====== INPUT RECORDS

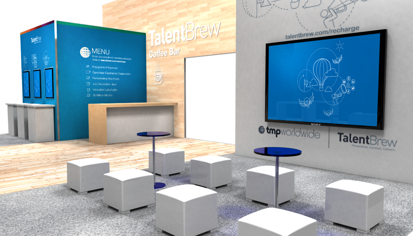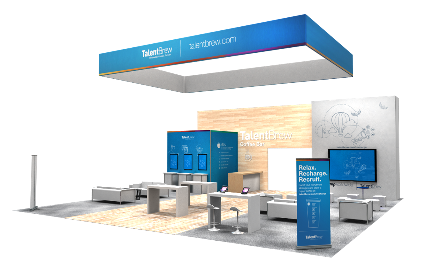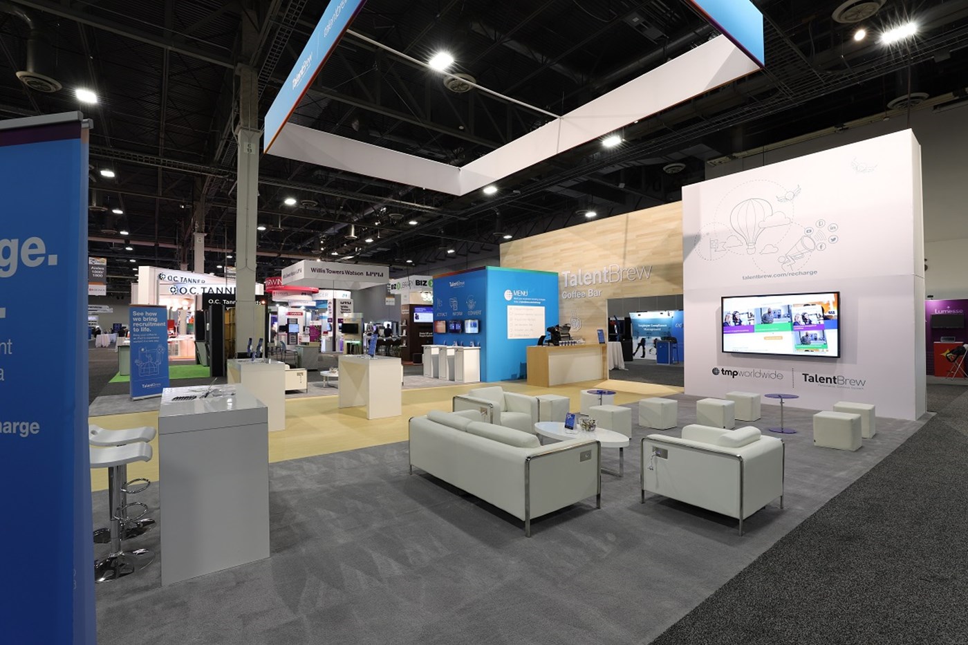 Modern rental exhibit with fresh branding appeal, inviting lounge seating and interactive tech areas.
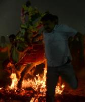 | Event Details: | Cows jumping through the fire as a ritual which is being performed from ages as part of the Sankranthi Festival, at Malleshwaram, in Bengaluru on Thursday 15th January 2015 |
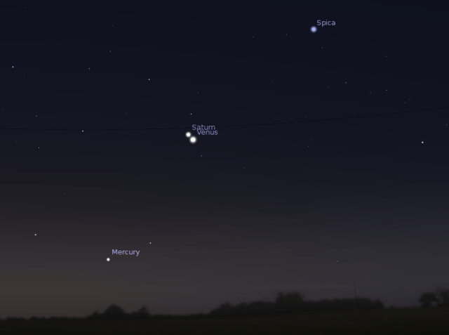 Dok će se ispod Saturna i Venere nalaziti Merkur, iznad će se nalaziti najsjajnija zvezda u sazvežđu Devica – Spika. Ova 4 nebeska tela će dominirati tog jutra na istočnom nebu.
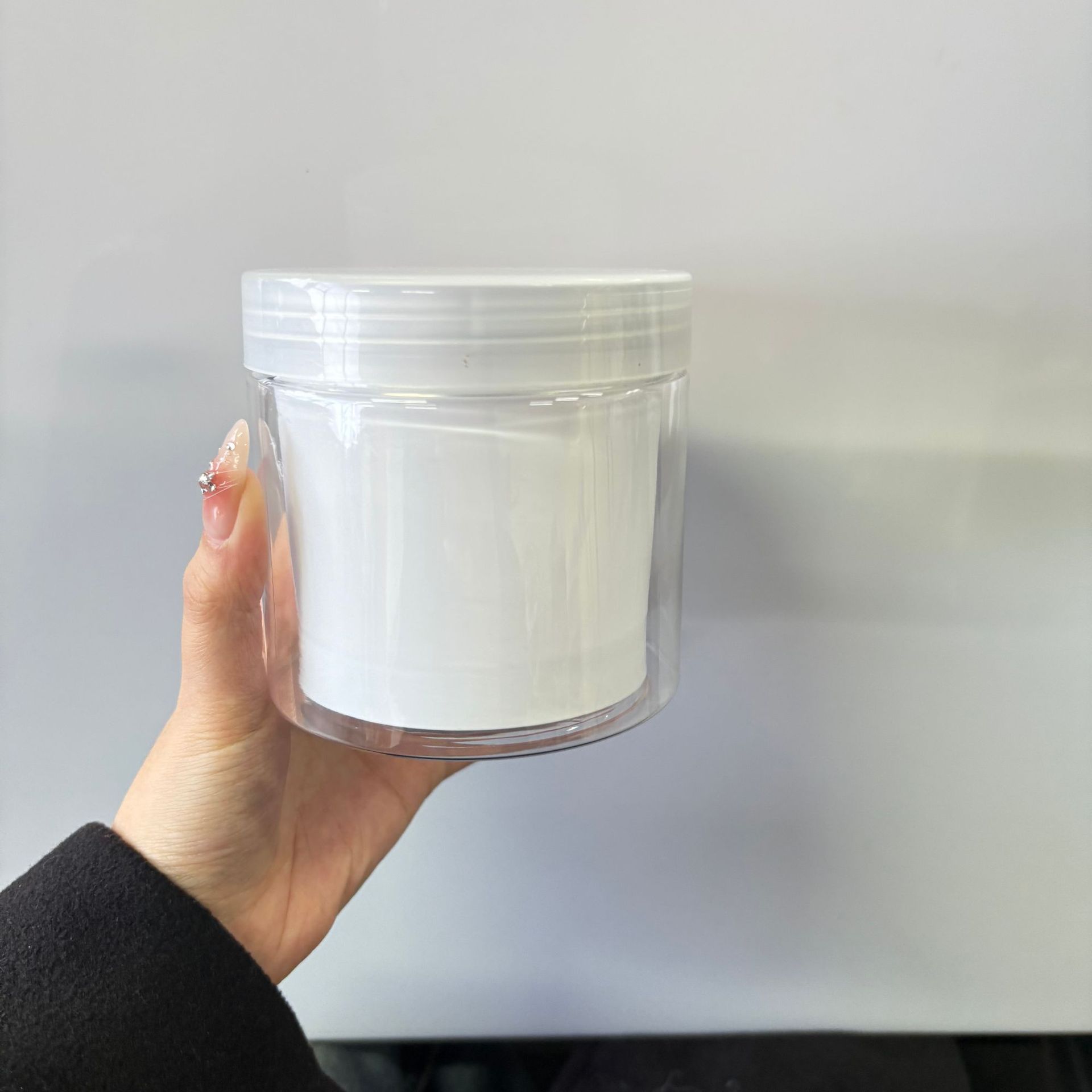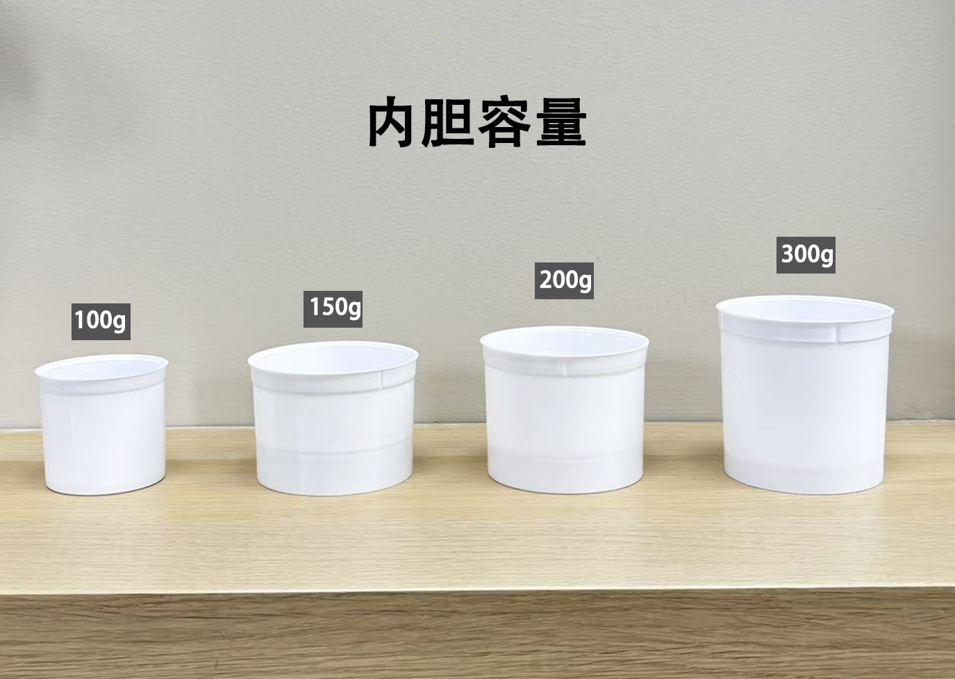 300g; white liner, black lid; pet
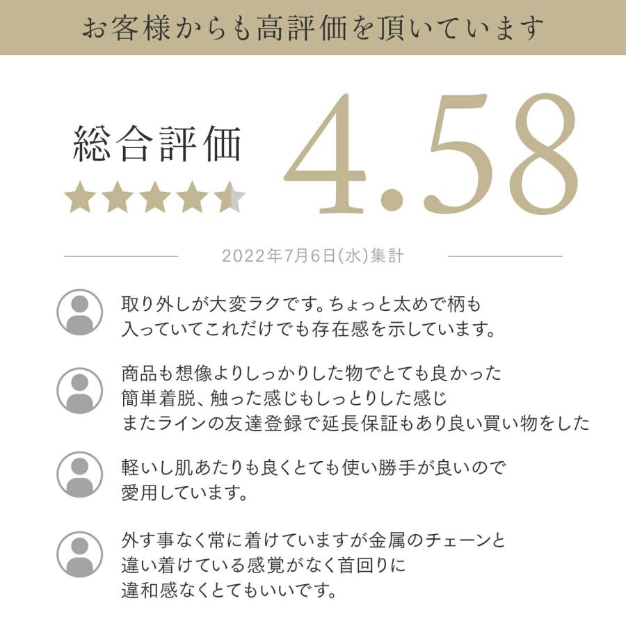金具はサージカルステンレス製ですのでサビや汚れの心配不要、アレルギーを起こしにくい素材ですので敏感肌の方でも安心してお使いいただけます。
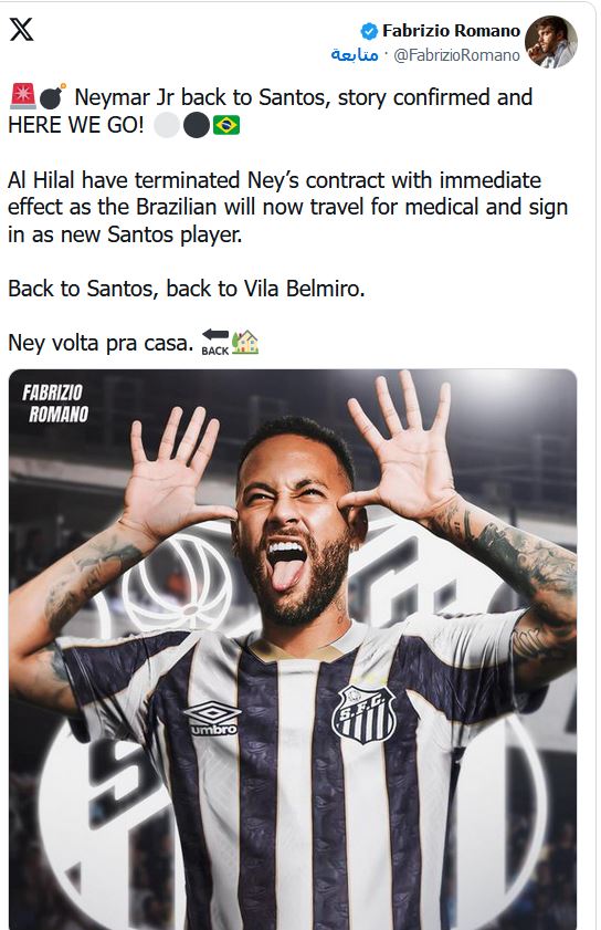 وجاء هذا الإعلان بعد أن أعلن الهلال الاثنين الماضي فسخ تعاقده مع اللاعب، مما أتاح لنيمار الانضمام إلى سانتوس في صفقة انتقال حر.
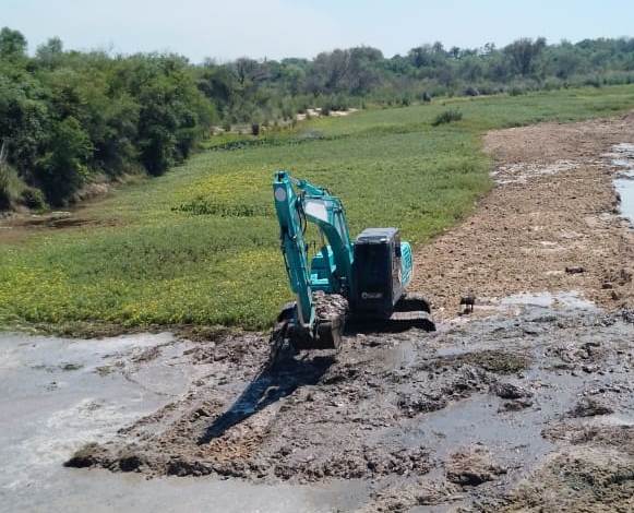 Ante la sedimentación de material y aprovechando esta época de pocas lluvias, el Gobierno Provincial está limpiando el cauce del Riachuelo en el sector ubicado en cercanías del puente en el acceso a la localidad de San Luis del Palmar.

============

WORK REQUIRED |
Your task is to reproduce exactly the lines running from the line that contains "300g; white liner, black lid; pet" to the end of the records, pictures excluded.

SOLVED EXERCISE |
 300g; white liner, black lid; pet
金具はサージカルステンレス製ですのでサビや汚れの心配不要、アレルギーを起こしにくい素材ですので敏感肌の方でも安心してお使いいただけます。
 وجاء هذا الإعلان بعد أن أعلن الهلال الاثنين الماضي فسخ تعاقده مع اللاعب، مما أتاح لنيمار الانضمام إلى سانتوس في صفقة انتقال حر.
 Ante la sedimentación de material y aprovechando esta época de pocas lluvias, el Gobierno Provincial está limpiando el cauce del Riachuelo en el sector ubicado en cercanías del puente en el acceso a la localidad de San Luis del Palmar.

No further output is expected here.